|January 2nd, 2012|
|tech, product, future, logging, ideas|
We should be logging everything: with the technology we have, it makes no sense that conversations I have with people are remain only as memories unless I actively take steps to record them. What would it take to start logging audio?
The simplest, if you have a smartphone, would be just to set the phone to record all the time and change nothing else. Unfortunately, that doesn't sound so good: this is my Galaxy S II, recording from my pocket. You could add an external bluetooth microphone (wires would be annoying) but once you're buying extra hardware, maybe it makes more sense to get something specialized to limit power consumption and make things simple?
We could make a little box with a microphone, memory chip, and rechargeable battery. It could be very small, perhaps as a lapel pin. Each night you'd put it on a base station to recharge and offload the days recordings, uploading to some server. You could sell this as a service, where you upload everything and they text-to-speech, index, and archive it. Indexing and text-to-speech isn't currently that good, but once you're logging the audio you can improve it retroactively. It's probably already good enough for decent search.
The device itself is probably not so expensive; I think the main cost is storing the data. A day's recording in 14Kbps variable bitrate speex is 148MB, a year is 53GB. This is $2.90/month on Amazon S3 in bulk. It does compound (Y2 is 2x, Y3 is 3x) but storage is also getting cheaper, so it's not too bad. The speex codec is optimized for voice, but 14Kbps might not be good enough; I'd want tests.
Confidentiality would be an issue, but I'm not sure this is worse than email. We're mostly quite content to store our email on Google, Yahoo, and AOL's servers. Maybe make a little button so it's easy to turn off recording for sensitive topics.

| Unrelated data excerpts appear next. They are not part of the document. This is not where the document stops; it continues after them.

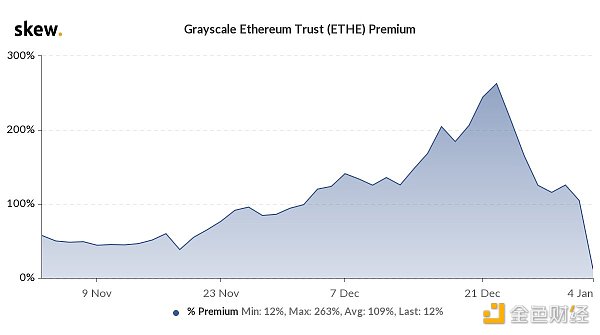2021-01-08 央妈对比特币才是真爱|ETH突破1100美元 但灰度ETH信托溢价率却跳水95% 1月5日,Skew数据显示,灰度ETH信托(ETHE)溢价率快速下跌,从两周前的250%左右跌至不到25%,创2个月以来的新低。吊诡的是,在ETH信托溢价暴跌的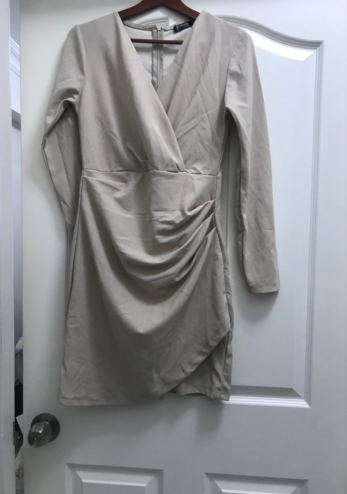 Bej renkte, uzun kollu ve beli büzgülü, minimalist tarzda midi boy kadın elbise. Modern ve desensiz tasarıma sahiptir.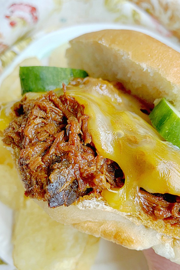 It is pulled pork but with beef. Any tougher cut of beef that you would use for pot roast works for this recipe. The slow cooker breaks down a tougher cut with ease. This beef requires minimal effort. Simply season the beef, set the slow cooker to LOW for 8 – 10 hours and walk away. Shred the beef. Add your favorite barbecue sauce. And let it cook some more. Serve it on buns with cheddar cheese and some pickle slices. It is so good! And perfect for football season and tailgating especially.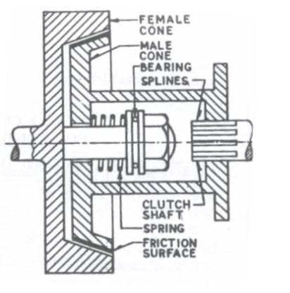 در این کلاچها همانگونه که از اسم آن پیداست سطوح اصطکاکی به شکل مخروطـی هـستند. هنگـامی کـه کـلاچ درگیر می شود، گشتاور از طریق فلایویل که سطح داخلی آن به شکل مخروطی است به صفحه کلاچ که سطح مخروطی دارد، منتقل می شود. براي خلاص کردن کـلاچ نیـز سـطح مخـروط صفحه کلاچ کمـی از درون فلایویل بیرون کشیده می شود تا تماس دو سطح قطع شود.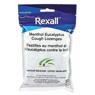 Rexall Lozenges Menthol Eucalyptus, for the temporary relief of sore throats,coughs and nasal congestion.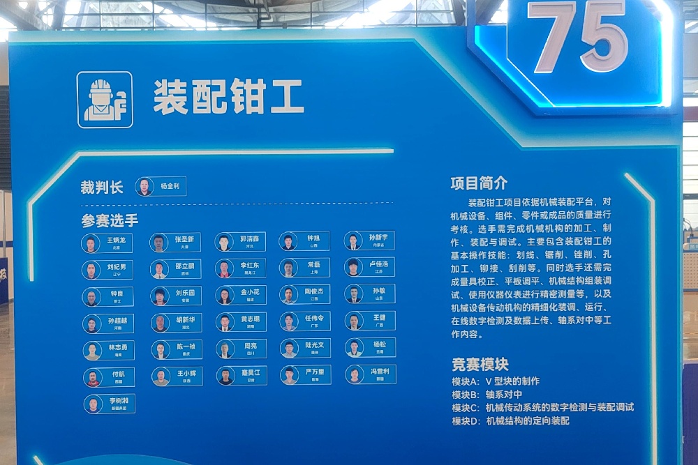 2025年9月19日至23日,中华人民共和国第三届职业技能大赛在河南郑州隆重举行。本届大赛以“技能照亮前程”为主题,共设106个竞赛项目,包括66个世赛选拔项目和40个国赛精选项目。 装配钳工项目作为体现我国制造业基础能力的重要赛项,充分展现了选手们的精湛技艺和职业素养。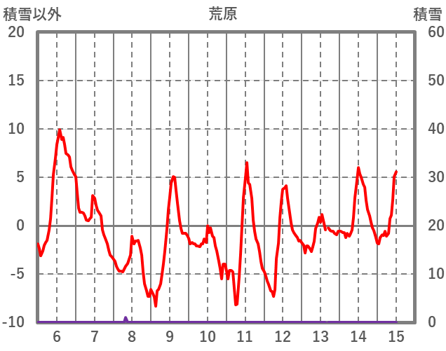 | 日 | 時 | 気温 | 降水 | 風向/風速 | 日照 | 積雪 | 降雪 |
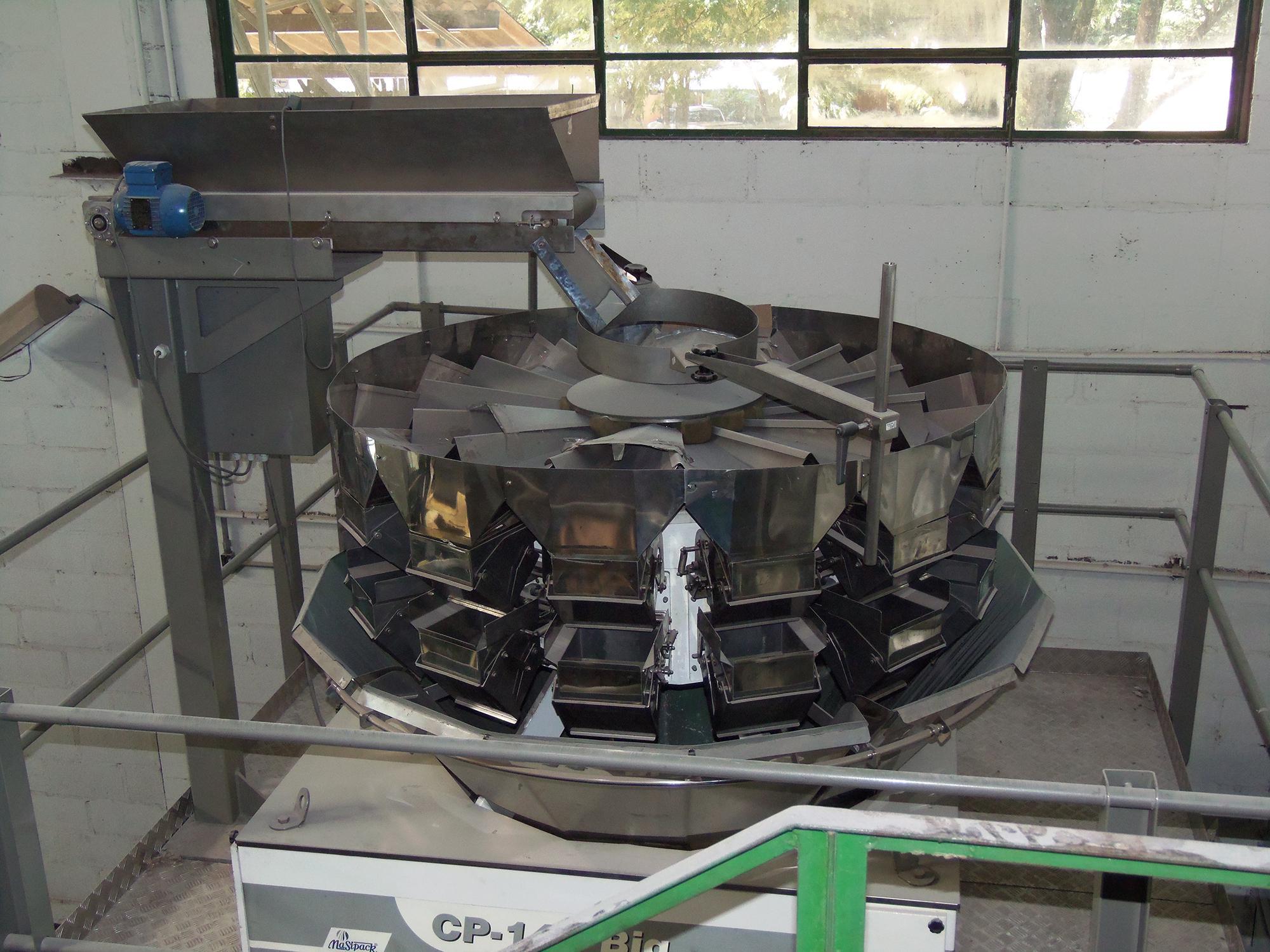 Multicabeças Masipack modelo CP 14 Big. Conjunto composto de balaças, estaleiro e esteira elevatória. Comprimento esteira: R6 m. Ano de abricação: 2011.

Legality would also be an issue. My limited understanding of the law is that where this is restricted it's in wiretapping laws written originally for telephones. In most states you can record what you hear, though Massachusetts and ~10 others require the consent of all parties. A recent MA appeals court ruling, however, declared that:
the court found no probable cause supporting the wiretap charge, because the law requires a secret recording and the officers admitted that Glik had used his cell phone openly and in plain view to obtain the video and audio recording.It's possible that if these devices were well known they would be easily recognized and so not secret. Perhaps a "this device is recording audio" label and a red LED would be enough? I'm also not sure what the cultural implications would be. Recording video in public is now not something you need to request to do; maybe people would just change their expectations of what would be recorded?